Michelangelo's complaint

My brush,
above me all the time, dribbles paint
so my face makes a fine floor for droppings!


Michelangelo was a sculptor and a poet, and Robert Pinsky has posted a poem of his regarding the aches and pains he experienced as he undertook the challenge of painting the Sistine Chapel.The sonnet is less interesting as poetry than it is a document of how Michelangelo felt about his labor over the commission he didn't want, the painting of the Sistine Chapel ceiling. No offense to Gail Mazur's translations, but the fleshy descriptions that inform us of what appendages and what internal organs ache likely read better in the Master's original Italian, the advantage of the original tongue being that one could better ear the innate musicality of the nouns and their near rhymes. This seems just a tad strained, and reads as though Mazur had to create phrases of her own when some word clusters couldn't be clearly conveyed into English. This raises the question as to how much of Michelangelo we were actually reading. Or perhaps I'm just tone deaf to the whole matter. What do believe, though, is that we are getting an accurate reading of the great artist's pains and frustrations; what is flat as poetry is fascinating as document. This is a another cranky, self-lampooning poem from a genius who finds that possessing over-sized talent can be a large cross to bear, being, in this case, a great physical pain. I did enjoy the way in which Michelangelo described the way his body has been twisted and reconfigured in the pursuit of filling up an unlikely surface ; the canvas, as it were, and the artist's body , were in the least likely of locations.
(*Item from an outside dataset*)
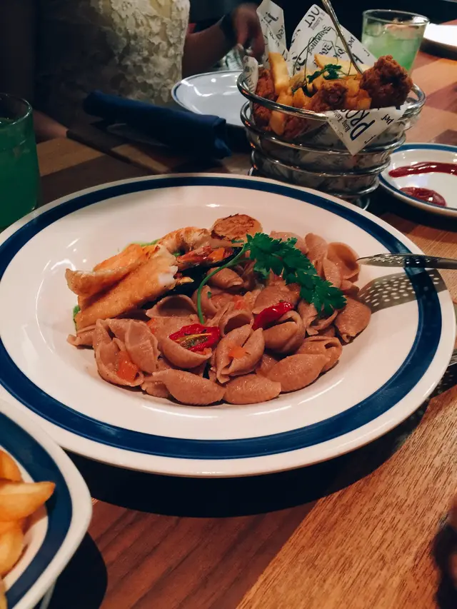 其餘的食品好似炸魚薯條同雞翼拼蒜香蛋黃醬拌炸薯條, 對我黎講都有點熱氣. 重未咳好的我都只好放棄. 不過份量真係好大. 薯條感覺有食不盡之感覺.

The poem is the venting of a man who angry with the moral and social authority of the Pope who is preventing him from working in what he feels is his true medium, sculpture; painting is a curse that visits a stream of punishments upon. It's as if an interloper is being punished :

My haunches are grinding into my guts,
my poor ass strains to work as a counterweight,
every gesture I make is blind and aimless.
My skin hangs loose below me, my spine's
all knotted from folding over itself.
I'm bent taut as a Syrian bow.


There's not the remotest suggestion of joy in this passage. Rather than being in the moment with the object he's fashioning, gather inspiration as he goes along and reaching a point where mere technical mastery comes to the service of actual genius, what is described here is someone trying to remember formalities of something he wasn't comfortable doing, guessing around the edges of the tableau as to where colors and their textures out to go. He is "blind and aimless" , unable to see the work in whole, unable to envision it as finished, save for scaled down drawings outlining the work in progress. Interestingly, this isn't the voice of the supremely confident artist we read about, but rather the self-denigrating venting of a trainee in a new job. The feeling of doing this job wrong comes across as a palpable fatalism.The poem that surpasses mere complaint, it reveals the acute pain that accompanies the unwanted commission. But for all the discomfort and twisting and bending and otherwise unnatural distensions and compressions his body must absorb during the work, a clenched teeth determination comes across; as much as I feel pain and degradation, as great as this ceiling will be. We've come to admire the spectacle of the ceiling, the detail, the ingenious solutions to problems that arose, but for the artist it seems merely something to be endured, gotten over with. The ceiling appeared masterful as if composed from a resentment; Michelangelo sounds as if he regards this as mere professionalism.


My painting is dead.
Defend it for me, Giovanni, protect my honor.
I am not in the right place—I am not a painter.
The sculptor feels abused, made to perform an unnatural function for a client whom he couldn't refuse. His body and his art were prostituted in the service of another man's egomania, and so he calls for his honor to be defended. He is not a painter, he assures us, and the irony of it all is that it is the painting on the Sistine Chapel for which he best known. Likely he would've loathed the recognition and seethe mightily that the masses who adore the painting are fools and simpletons.He was not a painter. Frank O'Hara wasn't a painter either. But he was an excellent poet.
***
A discussion at Slate's Poems Fray forum, where this post originally appeared.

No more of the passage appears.